Background information
- Genres: Hindustani classical music
- Occupations: Hindustani classical Vocalist, Musicologist
- Years active: 1983–present

= Ali Razwan =

Indian Classical Musician

Ali F. M. Razwan is an Indian classical musician in the Hindustani tradition. He belongs to the Gwalior-Jaipur-Agra gharana.

Ali is the only non-Indian to have received the Sangeet Acharya degree. Dr. Ali's style of rendition has influences from laya, chhanda, bolbaat, boltan, layakari of Gwalior, and Binkari alap.

== Early life ==
Ali F. M. Razwan was born as the sixth child of A. B. Lutfi Ali.

At the age of fifteen, Ali commenced music lessons from Bholanath Bhattacharya of Magura at the Shilpakala Academy. Subsequently, until 1983, he studied under Professor Chandi Prashad Chatarjee. From 1984 to 1988, he was under the tutelage of Ustad Abdul Bari Khan. Concurrently, he received training in Nazrul Sangeet at Bulbul Lalitakala Academy.

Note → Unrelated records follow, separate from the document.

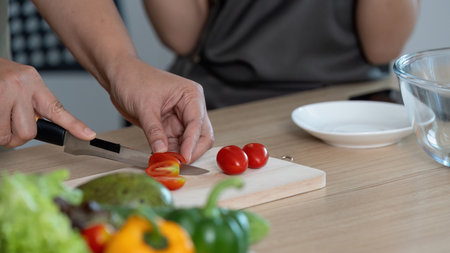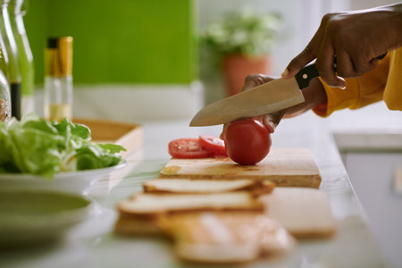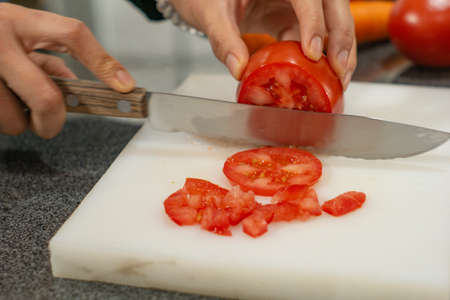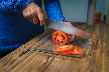 Close-up of hand of unrecognizable woman cutting fresh tomato using kitchen knife on wooden cutting board. Young woman cutting fresh organic tomato with a knife for vegetable salad.
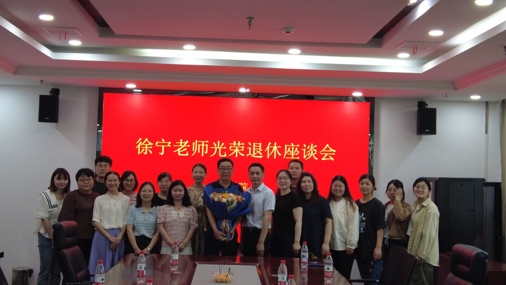 岁月如歌,情怀永驻。2025年5月15日中午在药学院六楼会议室举行徐宁老师光荣退休座谈会。校党委委员、药学院书记、院长刘毅,药学院党政人员,教研室主任及相关教师代表参加,副院长杨莹主持座谈会。
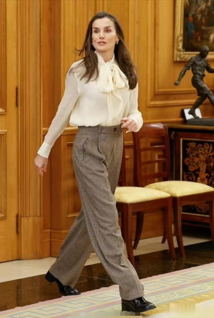 除了长裙除外,在其他的本事,莱蒂都亚越来越爱重衬衫和阔腿长裤的搭配,米色飘带衬衫在胸前系一个蝴蝶结,一条高腰英伦颠倒阔腿裤,脚穿一对粗跟的乐福鞋,很有学院风的气质,和她一贯中年知性女子的打扮又擢升了一档,变得年青有活力了。
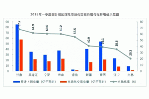 2018年一季度部分省區(qū)煤電市場化交易價格與標桿電價示意圖
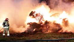 Vollalarm bei Strohballenbrand in Monheim am Rhein

Ali was awarded the ICCR scholarship in 1988 and pursued Bachelors and Masters degrees at the Maharaja Sayajirao University of Baroda. There, he received training in classical music of the Gwalior gharana from musicians like Pandit Shikantha Garage, Pandit Anilbhai Vaishnav, Pandit Ishwarbhai Yadav, and Pandit Dwarakanath Bhosle. He also studied Jaipur gharana under Subhada Desai and Kirana gharana under Pandit Lakshmikant Pyarelal Bapat. He learned Nauhar bani (stylistic variants) Dhrupad Sangeet from Pandit Harishchandra Chaturvedi during his research in Mumbai and trained under Pandit V. R. Athavale and Pandit Arun Kashalkar in Gwalior gharana-Jaipur gharana.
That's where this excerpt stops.